Margaret Atwood to leave unread manuscript for posterity as part of The Future Library project

September 5, 2014 by · Leave a Comment 

When one thinks of a futurist, one likely pictures a bespectacled tech-industry CEO or a scientist toiling away in an obscure nuclear laboratory. One probably doesn’t think of a Man Booker Prize–winning novelist. But Margaret Atwood has long had one eye on the future, and now she’s backing that up with a new piece of writing that, if all goes according to plan, no one but her will read for the next hundred years.

According to Alison Flood in the Guardian, Atwood has teamed with the Scottish artist Katie Paterson on what is being called The Future Library project: a sealed archive of manuscripts – one per year for the next century – that will be kept in Oslo until the various works are printed in the year 2114.

From the Guardian:

Atwood has just been named as the first contributor to an astonishing new public artwork. The Future Library project, conceived by the award-winning young Scottish artist Katie Paterson, began, quietly, this summer, with the planting of a forest of 1,000 trees in Nordmarka, just outside Oslo. It will slowly unfold over the next century. Every year until 2114, one writer will be invited to contribute a new text to the collection, and in 2114, the trees will be cut down to provide the paper for the texts to be printed – and, finally, read.

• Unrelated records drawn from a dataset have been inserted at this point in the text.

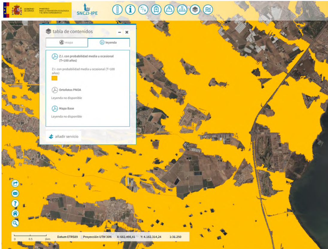
Imagen de detalle de la información del servicio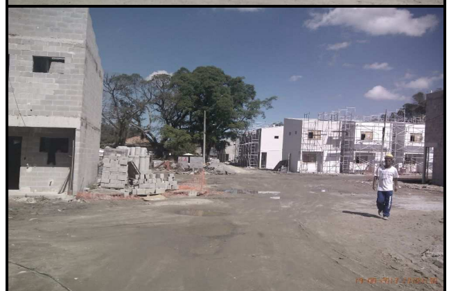
Figuras 04 a 09- Ângulos diferentes das casas em execução, em alvenaria.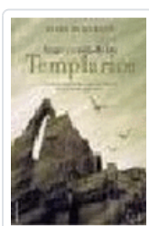
AUGE Y CAIDA DE LOS TEMPLARIOS DEMURGER, ALAIN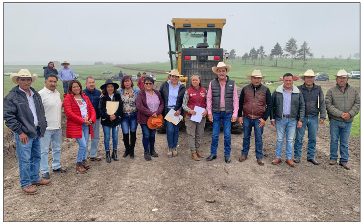
▲ El alcalde de Almoloya de Juárez y la secretaria del Campo recorrieron rastreo de caminos sacacosecha en Mayorazgo de León. Foto especial

Durante esta jornada, la secretaria del Campo y el presidente municipal escucharon algunas peticiones de ejidatarios y autoridades auxiliares, quienes reconocieron que en la presente administración se han atendido la mayoría de sus demandas.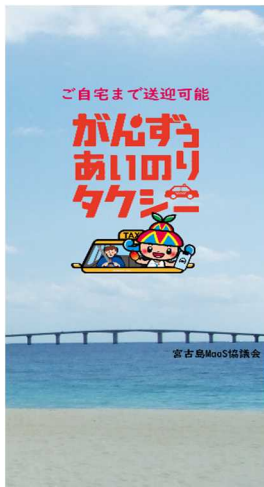
▲アプリトップ画面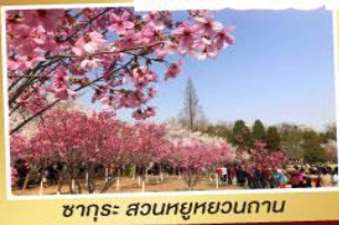
ซากุระ: สวนหยูหยวนถาน

จ่ายราคาเดียว..เที่ยวเต็มอิ่ม ..ไม่ลงร้านช้อปปิ้ง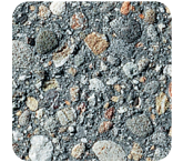
anthrazit stark sandgestrahlt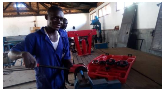
Mit den neuen Maschinen macht die Ausbildung deutlich mehr Freude

Ein zentrales Ziel von ADEPT e.V. ist es, die Berufsschulbildung in Uganda sowohl durch Know-How-Transfer als auch durch eine modernere Ausstattung der Lehrwerkstätten zu verbessern. Nachdem am Berufsschulzentrum in Butende die Klempner-Lehrwerkstatt in Eigenarbeit renoviert worden war, hat ADEPT e.V. diesen Fachbereich mit neuen Maschinen und Einrichtungen ausgestattet.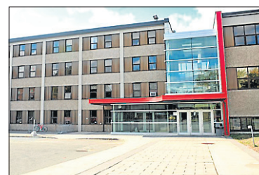
Cégep de Trois-Rivières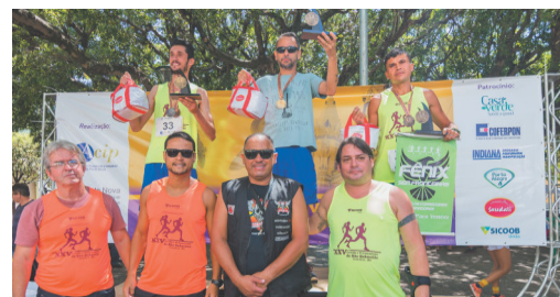
Geral Masculino - Ponte Nova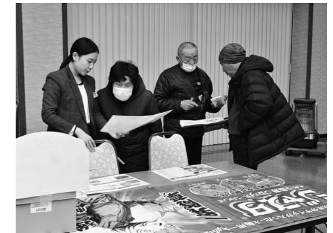
▲メーカーの担当者から農業の説明を聞く生産者(大石田)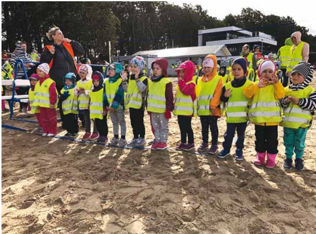
Rannajooksuks valmistumas.

Finišis ootasid lapsi rinnamärkide ja kõrrejookidega Viimsi lasteaiade õppejuhid. Lasteaiade direktor isiklikult jagas rühmadele tänukirju. Kui jooks joostud, leiti aega Haabneeme ranna uute atraksioonidega tutvumiseks. Puidust laev oleks just nagu spetsiaalselt meie ürituse jaoks randa uhitud.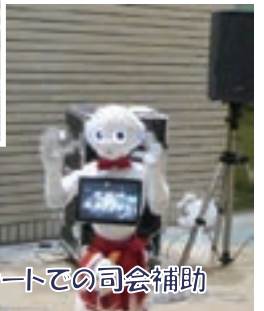
売店などでの案内や患者さまとのふれあい

What is remarkable about this project – from all perspectives – is its optimism. Its very premise presumes that humans a) will still be reading books in the year 2114; b) will still be reading books on paper (take that, Jeff Bezos); c) will not, in the interim, have so ravished the planet that it will have been rendered uninhabitable; and d) will not have otherwise killed themselves off, or been killed off, by war, hubris, pestilence, famine, or the inevitable zombie apocalypse.

But futurists are inherently optimistic and, despite frequent criticisms as to her bitter anger (especially regarding that half of the human population in possession of an XY chromosome), Atwood has always been a peculiarly optimistic writer. (Satirists are almost by definition optimists, because they presume that human beings are capable of change.)

Indeed, there is much in The Future Library project that would seem to appeal to Atwood, not least the environmental aspect involved in the planting of one thousand trees. There is also the historical element tied in to the presence of a printing press, which will be added to the library to print the books when the project culminates; that piece of technology may in fact be an obsolete antique by 2114. And there is an undeniable element of faith: both Atwood and Paterson will have shuffled off this mortal coil before the project wraps up, so neither will be alive to see the work they have seeded bloom. “Sometimes it does hit me,” Paterson says in the Guardian, “Oh my God, if I live to ninety, what will it be like then? It’s very exciting as an artist.”

My own favourite part of Atwood’s response to this project involves her stated “pleasure” in the prospect of not being around when her work is finally read. “You don’t have to be around for the part when if it’s a good review the publisher takes credit for it and if it’s a bad review it’s all your fault.”